* What the exercise asks: Although the entries contain pictures, your copy should hold only their exact text.

* Exercise input:

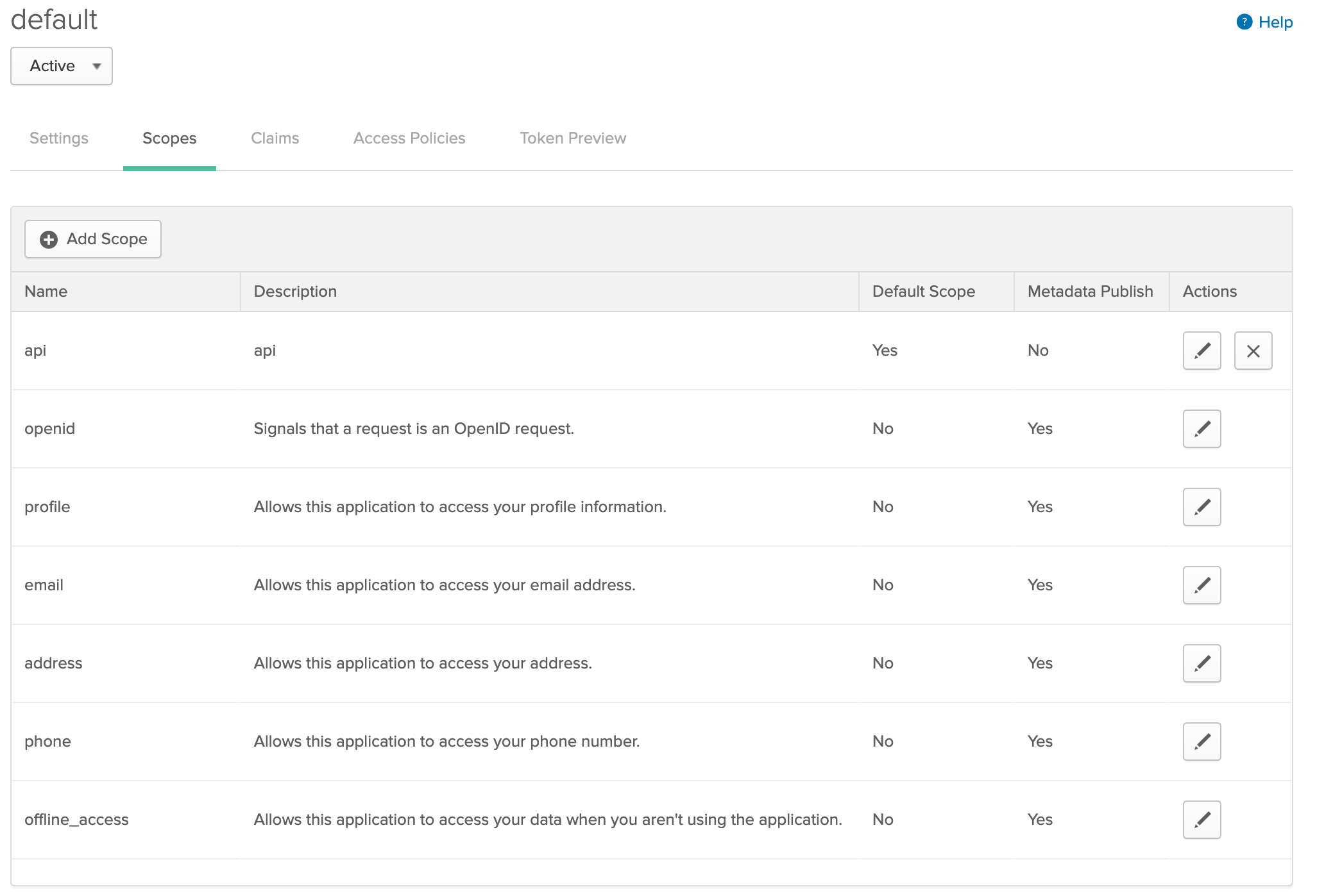 Now add a custom scope, I named mine api and make it a default scope:
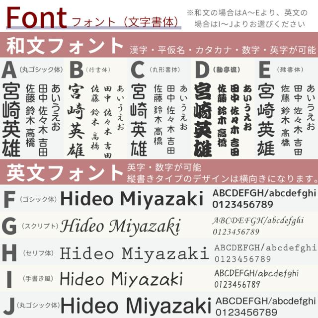 ・縦書きタイプのデザインで英文フォントをお選び頂いた場合、「デザイン2英文横向き」のように横向き表記での刻印となります。
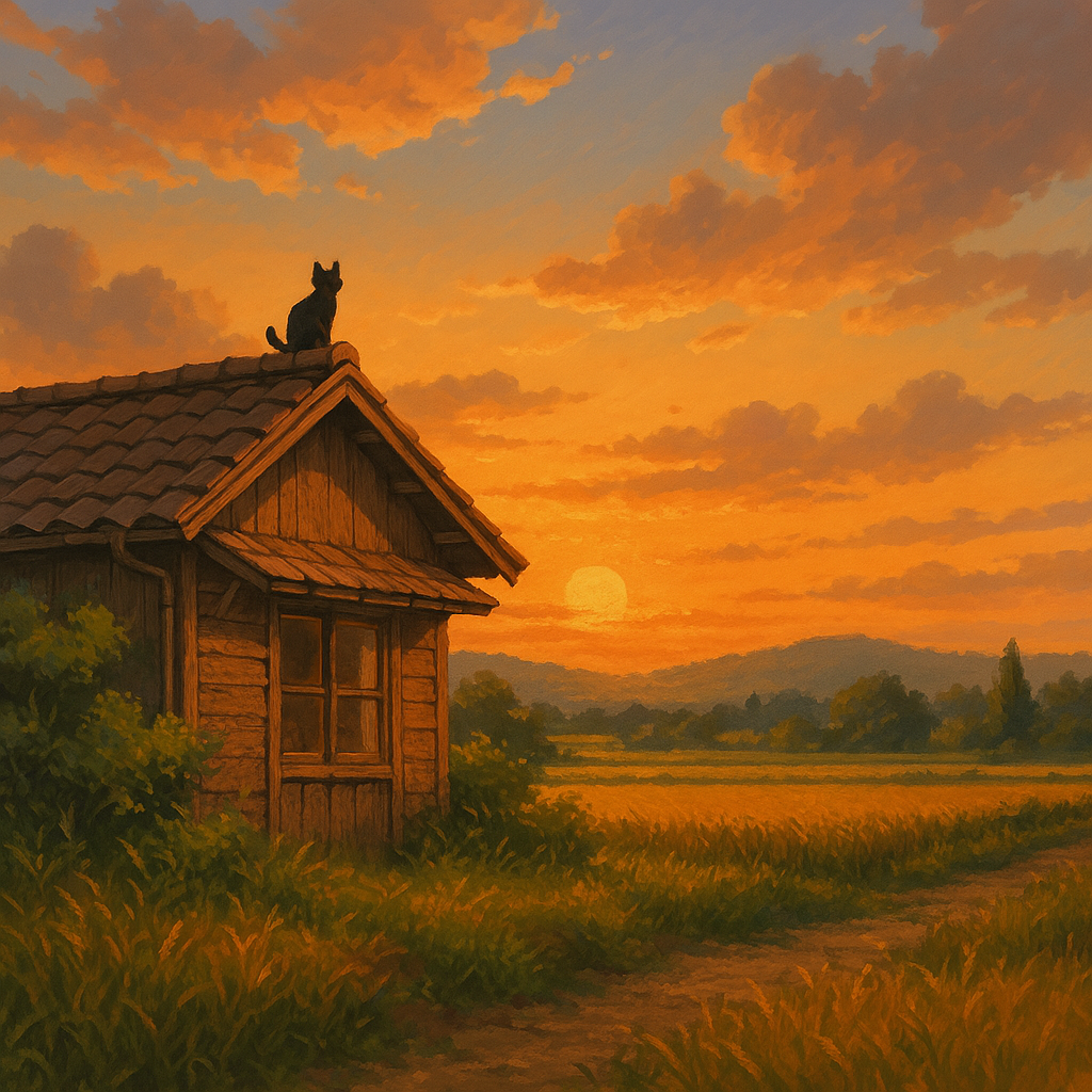 노을이 물든 들판 너머로 작은 나무집이 보인다. 지붕 위엔 고양이 한 마리가 앉아 있고, 하늘엔 구름이 느릿하게 흘러간다. 조용한 시골 풍경이 마음을 편안하게 만든다.
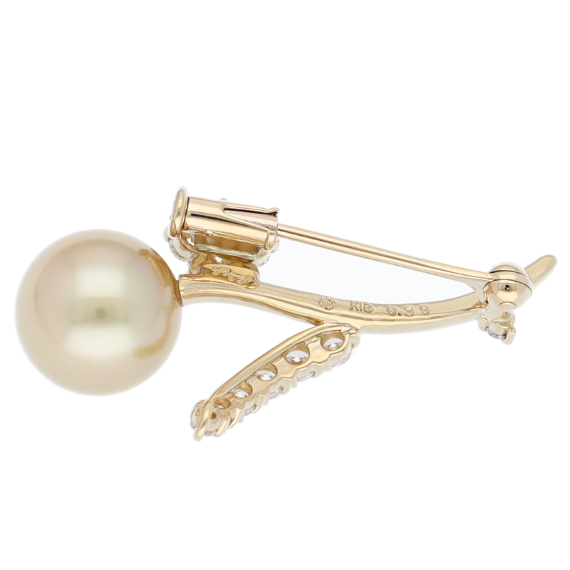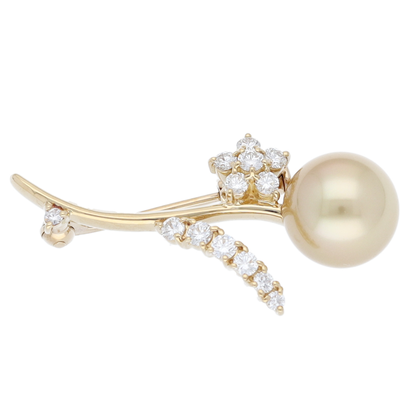 USED品。イエローゴールド製。コートやジャケットのおしゃれはもちろん、帽子やバッグのアクセントとしても大活躍のパールブローチです。
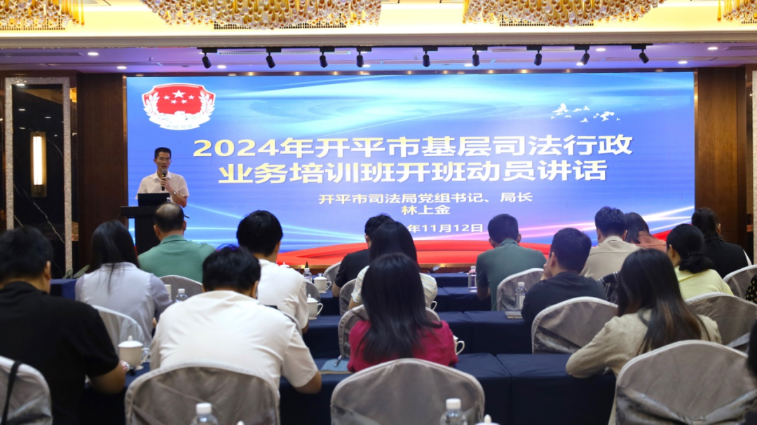 为进一步提升基层司法行政工作人员的综合素质和业务水平,强化基层法律服务工作质效,近日,开平市司法局举办2024年基层司法行政业务培训班,开云电竞官方网站司法局党组成员、副局长宋宗杰、开平市司法局班子成员、相关业务股室同志、各司法所工作人员、村(居)法律顾问等逾百人参加培训。

* Written reply:
 Now add a custom scope, I named mine api and make it a default scope:
 ・縦書きタイプのデザインで英文フォントをお選び頂いた場合、「デザイン2英文横向き」のように横向き表記での刻印となります。
 노을이 물든 들판 너머로 작은 나무집이 보인다. 지붕 위엔 고양이 한 마리가 앉아 있고, 하늘엔 구름이 느릿하게 흘러간다. 조용한 시골 풍경이 마음을 편안하게 만든다.
 USED品。イエローゴールド製。コートやジャケットのおしゃれはもちろん、帽子やバッグのアクセントとしても大活躍のパールブローチです。
 为进一步提升基层司法行政工作人员的综合素质和业务水平,强化基层法律服务工作质效,近日,开平市司法局举办2024年基层司法行政业务培训班,开云电竞官方网站司法局党组成员、副局长宋宗杰、开平市司法局班子成员、相关业务股室同志、各司法所工作人员、村(居)法律顾问等逾百人参加培训。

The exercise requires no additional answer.